There's a lot more people than just CalBear and I who bought. I bought because the property that I purchased only comes around once every few years (at least for me) and I don't care what prices will do in 1, 2, 3, 5, or even 10 years as this is house is it for me. Also, I have about 8 years in liquid reserves to cover payments for all my properties (including assuming my rentals don't generate rental income) so may be more risk tolerant than most but I also do it when I can I can financially manage the additional financial burden.
Bingo, the most valuable asset in life is time.
Recall my prediction is close to a 40% hit, and I'm very sure we'll see that, especially above $2M, especially in OC without the organic high paying job base. I am very confident rates will now pass 8% as the Fed is intent on deterring purchases at current pricing levels, and a crapload of boomers all across the 15M+ population SoCal area are going to be panicked sellers over the next 1-2 years as they try to get themselves out of CA. Boomers and job losses, especially in FIRE as SG pointed out, will drive the inventory.
It would eat at me if I overpayed by 20%, let alone 40%.
I'm quite confident that your prediction about 40% drop is completely wrong. Also, I bought at the end of 2021, so I didn't really overpay that much. Housing price has gone up about 20% since I bought. I don't think housing price will drop more than 20%, which means it will just drop back to what I paid.
But the most important thing, as CV and Martin already said, this is my primary residence, and forever home at that, so I don't care even if it does drop 40%, meaning I overpaid by 20%.
This may not be the unicorn home, but it checked out almost all the boxes we desired: new construction (a
MUST for my wife), location (unlike some TI'ers, we
love PS), floorplan (we love IP's cookie cutter floorplan ;D). And it has a good size lot too, unlike most of the homes in Irvine.
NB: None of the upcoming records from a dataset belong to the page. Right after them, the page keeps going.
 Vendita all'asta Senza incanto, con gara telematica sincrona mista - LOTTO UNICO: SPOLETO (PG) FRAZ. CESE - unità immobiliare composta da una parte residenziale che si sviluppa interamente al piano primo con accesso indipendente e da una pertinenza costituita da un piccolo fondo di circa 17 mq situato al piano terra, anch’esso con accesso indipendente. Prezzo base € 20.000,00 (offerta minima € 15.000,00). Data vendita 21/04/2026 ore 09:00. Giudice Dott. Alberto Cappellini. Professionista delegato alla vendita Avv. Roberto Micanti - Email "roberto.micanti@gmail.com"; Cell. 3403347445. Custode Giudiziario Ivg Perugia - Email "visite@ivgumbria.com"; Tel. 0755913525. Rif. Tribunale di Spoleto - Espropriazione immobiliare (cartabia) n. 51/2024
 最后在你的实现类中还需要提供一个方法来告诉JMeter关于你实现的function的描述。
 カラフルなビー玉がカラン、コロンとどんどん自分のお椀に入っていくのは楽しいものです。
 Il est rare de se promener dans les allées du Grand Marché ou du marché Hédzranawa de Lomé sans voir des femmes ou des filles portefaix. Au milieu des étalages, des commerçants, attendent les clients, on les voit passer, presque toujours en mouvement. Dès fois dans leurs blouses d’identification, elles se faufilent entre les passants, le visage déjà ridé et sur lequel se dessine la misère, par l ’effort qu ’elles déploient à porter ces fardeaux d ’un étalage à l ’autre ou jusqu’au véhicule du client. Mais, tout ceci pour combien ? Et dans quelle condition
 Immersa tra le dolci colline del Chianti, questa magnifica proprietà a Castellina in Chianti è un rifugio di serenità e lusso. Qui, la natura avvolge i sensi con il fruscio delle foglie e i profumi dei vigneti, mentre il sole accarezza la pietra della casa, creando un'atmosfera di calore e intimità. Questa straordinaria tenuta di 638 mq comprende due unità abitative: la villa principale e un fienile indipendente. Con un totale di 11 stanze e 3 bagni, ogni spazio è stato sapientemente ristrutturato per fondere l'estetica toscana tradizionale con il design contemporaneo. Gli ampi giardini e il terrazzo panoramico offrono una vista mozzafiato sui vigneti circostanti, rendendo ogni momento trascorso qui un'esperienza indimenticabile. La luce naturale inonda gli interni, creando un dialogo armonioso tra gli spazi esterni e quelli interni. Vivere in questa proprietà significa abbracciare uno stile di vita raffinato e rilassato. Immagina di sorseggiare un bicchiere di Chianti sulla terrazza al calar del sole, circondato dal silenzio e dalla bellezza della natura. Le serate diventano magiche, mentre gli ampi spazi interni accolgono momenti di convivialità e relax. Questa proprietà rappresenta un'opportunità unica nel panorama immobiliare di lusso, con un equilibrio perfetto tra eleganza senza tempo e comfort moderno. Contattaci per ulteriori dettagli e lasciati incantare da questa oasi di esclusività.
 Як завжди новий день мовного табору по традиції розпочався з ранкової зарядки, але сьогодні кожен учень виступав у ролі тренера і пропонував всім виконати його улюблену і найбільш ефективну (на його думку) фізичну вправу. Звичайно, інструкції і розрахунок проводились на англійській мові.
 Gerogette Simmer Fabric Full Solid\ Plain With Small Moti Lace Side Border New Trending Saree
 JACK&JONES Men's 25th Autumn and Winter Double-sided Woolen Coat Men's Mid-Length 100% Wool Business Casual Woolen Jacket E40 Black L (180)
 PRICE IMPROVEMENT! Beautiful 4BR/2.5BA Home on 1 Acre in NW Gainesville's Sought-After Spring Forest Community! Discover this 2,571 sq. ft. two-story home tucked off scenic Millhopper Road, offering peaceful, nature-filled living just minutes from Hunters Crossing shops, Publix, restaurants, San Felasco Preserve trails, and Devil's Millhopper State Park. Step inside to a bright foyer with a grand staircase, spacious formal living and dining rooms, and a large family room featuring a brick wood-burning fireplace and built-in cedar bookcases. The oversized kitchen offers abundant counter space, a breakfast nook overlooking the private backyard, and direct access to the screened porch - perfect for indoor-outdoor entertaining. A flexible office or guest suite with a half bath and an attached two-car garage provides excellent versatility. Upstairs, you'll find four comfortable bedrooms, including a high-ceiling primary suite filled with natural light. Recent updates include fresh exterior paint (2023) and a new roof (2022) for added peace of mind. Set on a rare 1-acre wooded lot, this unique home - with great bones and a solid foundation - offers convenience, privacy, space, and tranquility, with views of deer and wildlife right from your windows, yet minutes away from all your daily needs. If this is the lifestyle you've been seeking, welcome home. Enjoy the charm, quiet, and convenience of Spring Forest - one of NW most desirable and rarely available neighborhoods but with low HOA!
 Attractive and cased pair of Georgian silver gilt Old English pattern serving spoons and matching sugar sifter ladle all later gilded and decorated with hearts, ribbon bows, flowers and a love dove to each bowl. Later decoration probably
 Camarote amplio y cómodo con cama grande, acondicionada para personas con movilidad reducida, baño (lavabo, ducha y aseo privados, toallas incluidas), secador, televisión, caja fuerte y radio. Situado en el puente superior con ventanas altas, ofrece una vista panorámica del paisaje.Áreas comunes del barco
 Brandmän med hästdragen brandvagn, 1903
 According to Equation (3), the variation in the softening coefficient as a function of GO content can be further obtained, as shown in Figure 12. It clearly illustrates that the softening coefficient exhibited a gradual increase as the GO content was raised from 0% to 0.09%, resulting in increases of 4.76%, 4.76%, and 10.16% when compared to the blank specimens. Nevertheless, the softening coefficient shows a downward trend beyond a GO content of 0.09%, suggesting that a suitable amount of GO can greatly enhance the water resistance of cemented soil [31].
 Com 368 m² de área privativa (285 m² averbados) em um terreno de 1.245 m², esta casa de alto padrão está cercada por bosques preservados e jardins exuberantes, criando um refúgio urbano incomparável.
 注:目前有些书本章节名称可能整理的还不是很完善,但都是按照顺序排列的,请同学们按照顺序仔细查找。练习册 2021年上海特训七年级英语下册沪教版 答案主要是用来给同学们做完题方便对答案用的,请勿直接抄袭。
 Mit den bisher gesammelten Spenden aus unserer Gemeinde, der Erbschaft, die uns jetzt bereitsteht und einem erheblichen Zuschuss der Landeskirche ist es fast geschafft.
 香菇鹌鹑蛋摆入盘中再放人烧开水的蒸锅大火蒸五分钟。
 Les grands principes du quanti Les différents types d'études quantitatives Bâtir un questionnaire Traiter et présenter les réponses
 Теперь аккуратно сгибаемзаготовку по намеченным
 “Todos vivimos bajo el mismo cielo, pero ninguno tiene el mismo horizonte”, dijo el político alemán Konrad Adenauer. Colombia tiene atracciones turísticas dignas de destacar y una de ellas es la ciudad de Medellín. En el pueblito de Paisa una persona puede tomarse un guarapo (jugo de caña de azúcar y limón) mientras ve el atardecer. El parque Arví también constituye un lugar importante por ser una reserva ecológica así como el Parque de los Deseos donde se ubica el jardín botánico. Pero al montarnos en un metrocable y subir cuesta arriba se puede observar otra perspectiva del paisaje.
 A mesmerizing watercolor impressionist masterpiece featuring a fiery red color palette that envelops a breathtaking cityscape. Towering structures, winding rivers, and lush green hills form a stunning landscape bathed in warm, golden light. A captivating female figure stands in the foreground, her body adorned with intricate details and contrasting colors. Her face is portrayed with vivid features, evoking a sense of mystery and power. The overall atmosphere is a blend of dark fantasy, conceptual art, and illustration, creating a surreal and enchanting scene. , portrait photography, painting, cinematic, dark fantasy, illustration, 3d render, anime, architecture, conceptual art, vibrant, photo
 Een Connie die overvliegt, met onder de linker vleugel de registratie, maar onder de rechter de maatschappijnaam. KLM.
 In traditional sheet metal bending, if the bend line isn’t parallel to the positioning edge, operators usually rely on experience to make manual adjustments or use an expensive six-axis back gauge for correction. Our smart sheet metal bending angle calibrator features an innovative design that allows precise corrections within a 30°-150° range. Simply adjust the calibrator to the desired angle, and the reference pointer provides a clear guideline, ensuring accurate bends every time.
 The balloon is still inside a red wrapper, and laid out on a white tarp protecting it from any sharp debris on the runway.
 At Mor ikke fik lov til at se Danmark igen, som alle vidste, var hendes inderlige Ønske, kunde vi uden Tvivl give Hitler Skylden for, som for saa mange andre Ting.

The only box that didn't check for me is the lack of driveway, but it's not that important to my wife. Personally, I would have prefer Highland, which checked out two more boxes for me, driveway and NO parking on the street. I'm probably the only person in the world who likes the idea of no parking on the street. ;D Unfortunately, the Highland home that we would have got would come with extremely small lot. So we decided on the bigger lot (plus some privacy) over driveway.
The main driving factor for us is that there aren't many new construction left in Irvine. We don't like Great Park, so that only leaves PS and OH. PS will be built out soon and OH is going to be too expensive for us, so we can't wait. And, of course, if we don't buy in Irvine, we can't sell our Eastvale home either, so if a drop is coming, that one will most likely drop even more.